**Work instruction**
Each line below with the string "Steel" should be copied.

------ The data

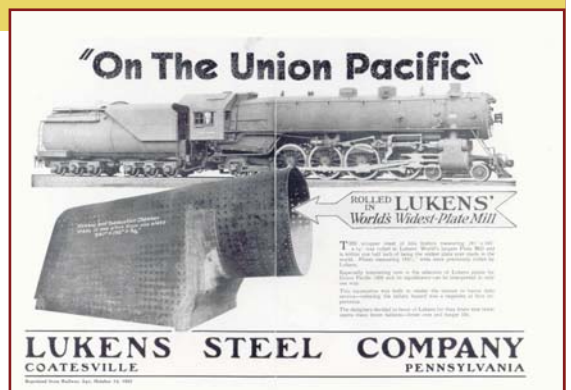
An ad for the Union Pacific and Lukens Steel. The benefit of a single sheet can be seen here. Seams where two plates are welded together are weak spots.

------------
------ The data

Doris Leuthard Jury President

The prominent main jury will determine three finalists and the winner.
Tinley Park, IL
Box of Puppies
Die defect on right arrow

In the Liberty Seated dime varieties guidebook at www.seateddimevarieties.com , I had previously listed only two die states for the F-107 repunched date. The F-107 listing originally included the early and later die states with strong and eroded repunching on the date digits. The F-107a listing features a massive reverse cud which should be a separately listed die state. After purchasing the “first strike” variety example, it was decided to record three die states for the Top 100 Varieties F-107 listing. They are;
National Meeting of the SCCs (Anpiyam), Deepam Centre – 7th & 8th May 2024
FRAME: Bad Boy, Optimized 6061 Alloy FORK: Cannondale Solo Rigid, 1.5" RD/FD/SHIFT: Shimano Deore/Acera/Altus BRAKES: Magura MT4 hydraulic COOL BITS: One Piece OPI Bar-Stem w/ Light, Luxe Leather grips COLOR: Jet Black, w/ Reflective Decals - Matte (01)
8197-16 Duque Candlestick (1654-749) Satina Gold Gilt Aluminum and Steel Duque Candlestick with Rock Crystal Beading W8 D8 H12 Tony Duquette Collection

------------

**Solution**
An ad for the Union Pacific and Lukens Steel. The benefit of a single sheet can be seen here. Seams where two plates are welded together are weak spots.
8197-16 Duque Candlestick (1654-749) Satina Gold Gilt Aluminum and Steel Duque Candlestick with Rock Crystal Beading W8 D8 H12 Tony Duquette Collection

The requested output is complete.